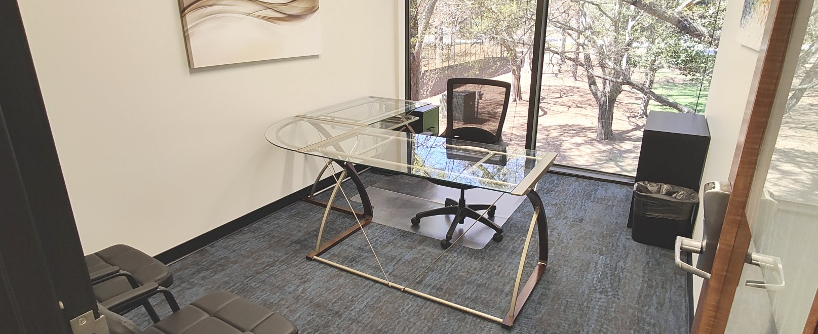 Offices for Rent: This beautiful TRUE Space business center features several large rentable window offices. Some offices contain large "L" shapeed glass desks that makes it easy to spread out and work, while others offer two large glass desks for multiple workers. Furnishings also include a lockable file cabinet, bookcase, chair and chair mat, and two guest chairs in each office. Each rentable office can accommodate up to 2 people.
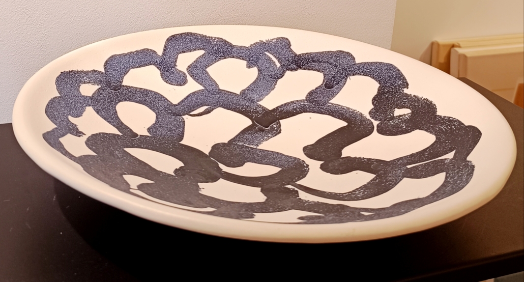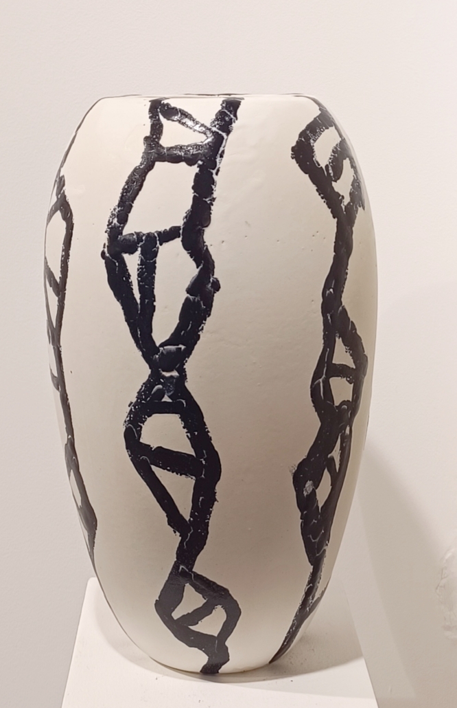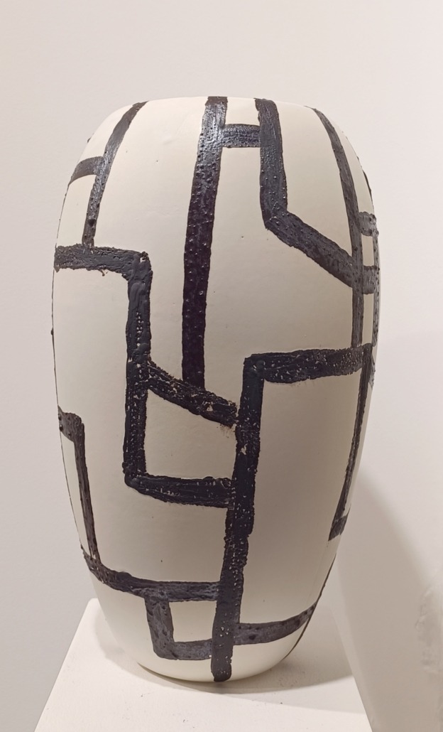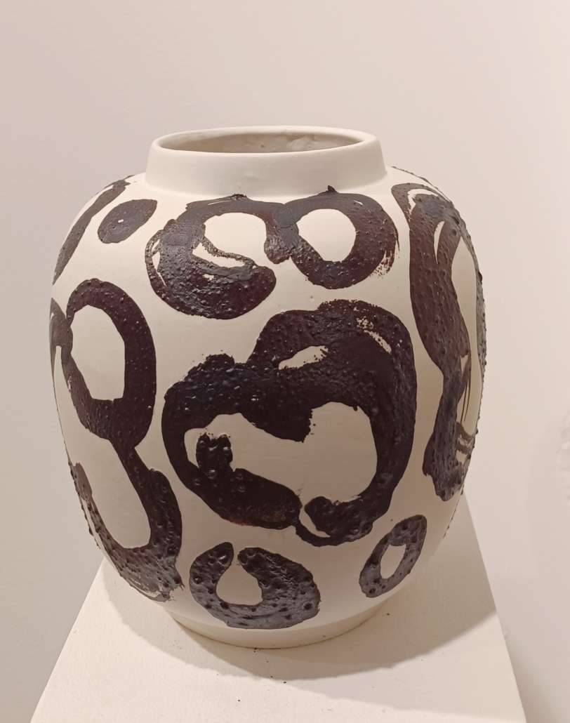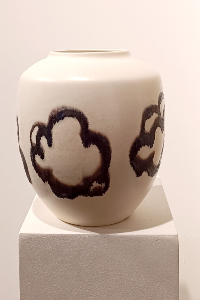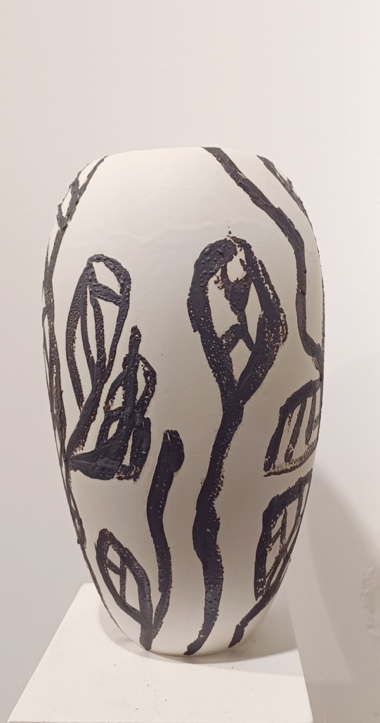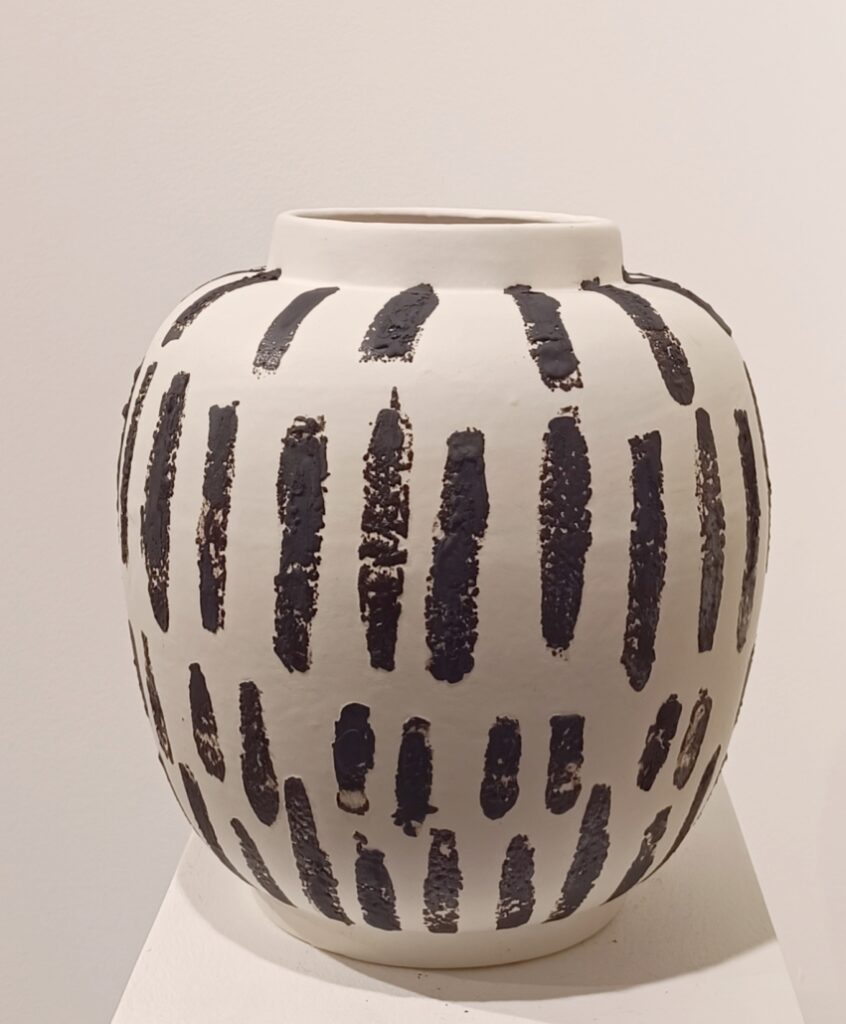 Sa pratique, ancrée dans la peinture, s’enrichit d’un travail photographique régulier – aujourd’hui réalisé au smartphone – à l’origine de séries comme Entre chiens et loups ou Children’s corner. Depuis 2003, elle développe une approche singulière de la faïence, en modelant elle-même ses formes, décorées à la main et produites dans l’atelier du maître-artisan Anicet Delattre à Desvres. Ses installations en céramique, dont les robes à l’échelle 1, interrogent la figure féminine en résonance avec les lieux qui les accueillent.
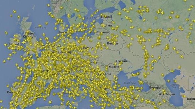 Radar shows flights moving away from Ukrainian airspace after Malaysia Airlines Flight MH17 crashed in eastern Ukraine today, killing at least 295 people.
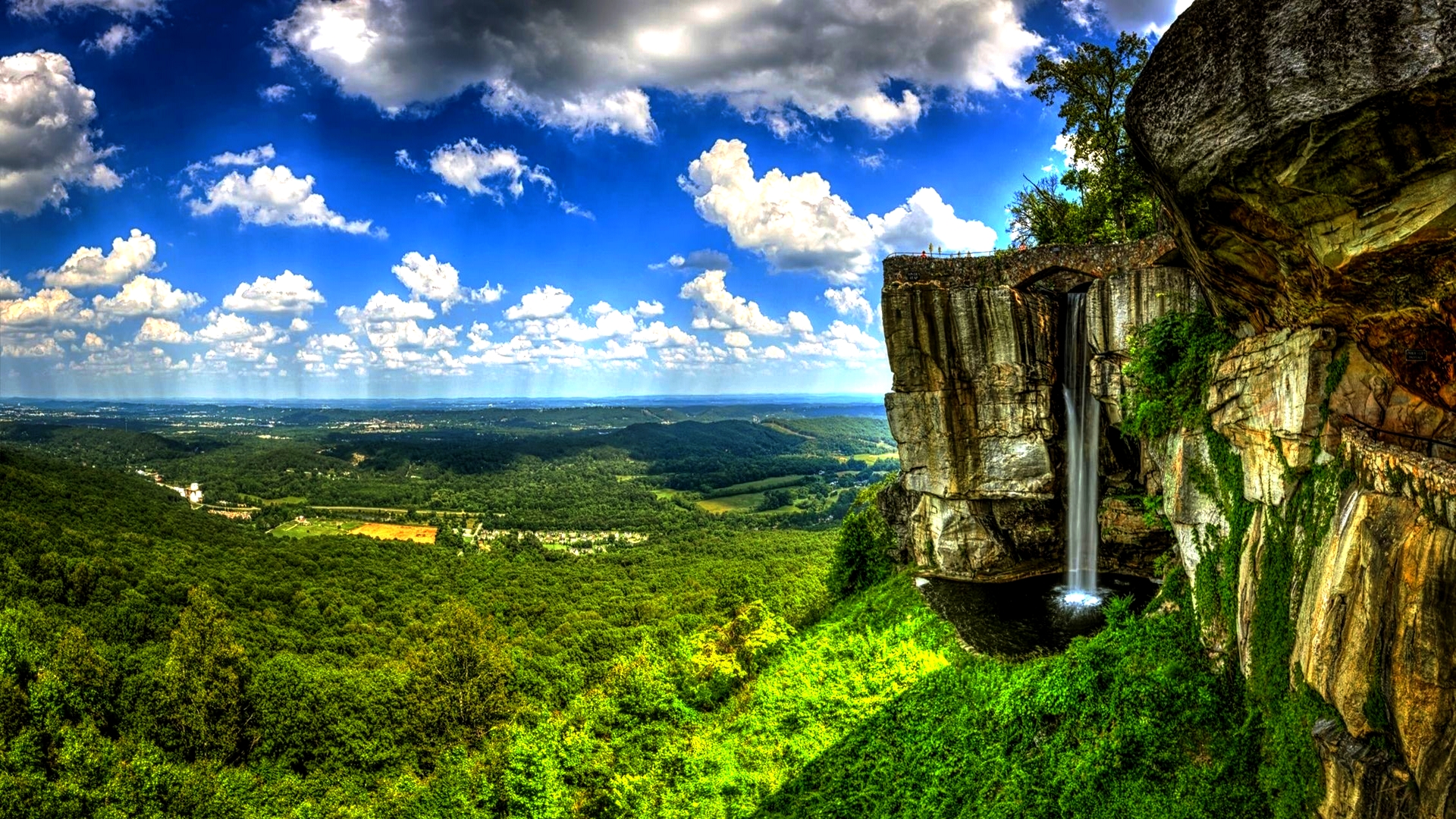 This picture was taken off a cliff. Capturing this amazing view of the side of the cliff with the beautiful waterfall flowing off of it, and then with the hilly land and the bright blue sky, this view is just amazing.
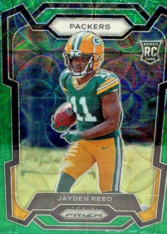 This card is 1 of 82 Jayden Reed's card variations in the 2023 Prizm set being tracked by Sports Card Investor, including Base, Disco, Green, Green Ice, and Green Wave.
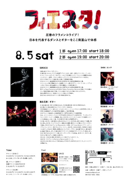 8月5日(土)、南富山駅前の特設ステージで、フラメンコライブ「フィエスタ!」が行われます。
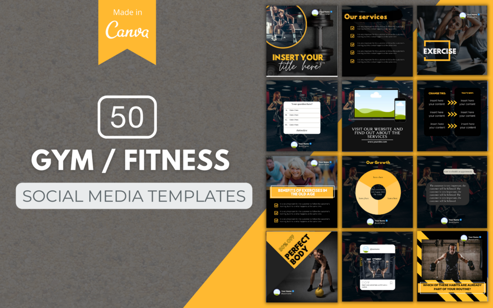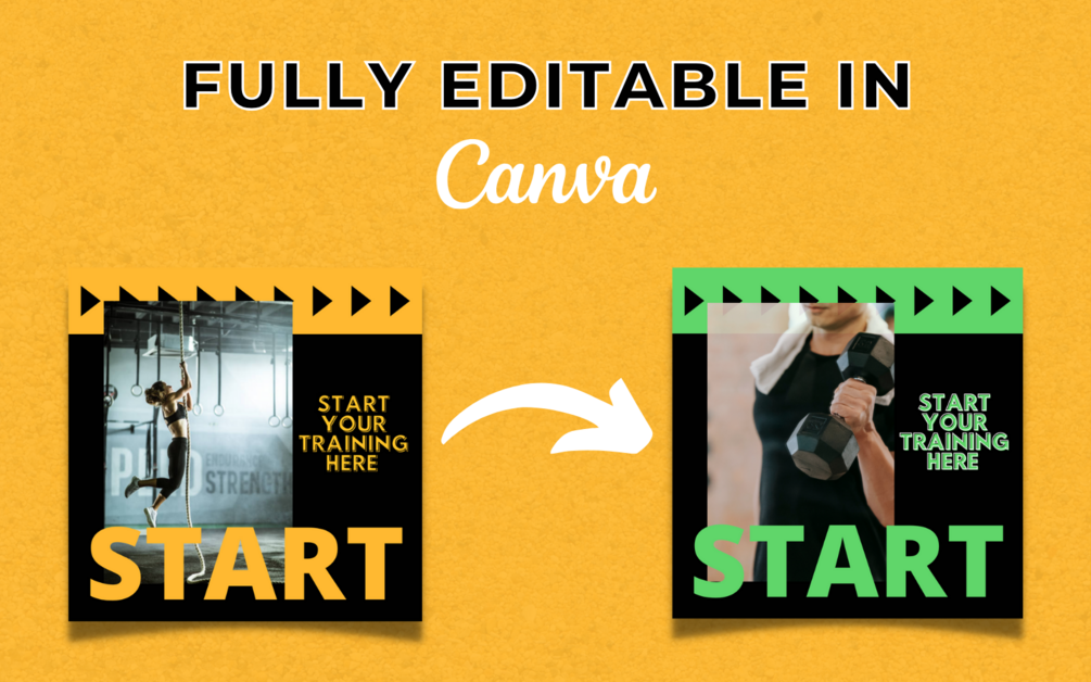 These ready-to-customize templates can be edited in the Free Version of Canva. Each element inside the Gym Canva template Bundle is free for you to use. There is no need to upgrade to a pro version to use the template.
##########
_What is being asked_
What's needed is an exact copy of the records above from the line containing "Radar shows flights" down to the line containing "This card is", both included, without any pictures.

_Written answer_
 Radar shows flights moving away from Ukrainian airspace after Malaysia Airlines Flight MH17 crashed in eastern Ukraine today, killing at least 295 people.
 This picture was taken off a cliff. Capturing this amazing view of the side of the cliff with the beautiful waterfall flowing off of it, and then with the hilly land and the bright blue sky, this view is just amazing.
 This card is 1 of 82 Jayden Reed's card variations in the 2023 Prizm set being tracked by Sports Card Investor, including Base, Disco, Green, Green Ice, and Green Wave.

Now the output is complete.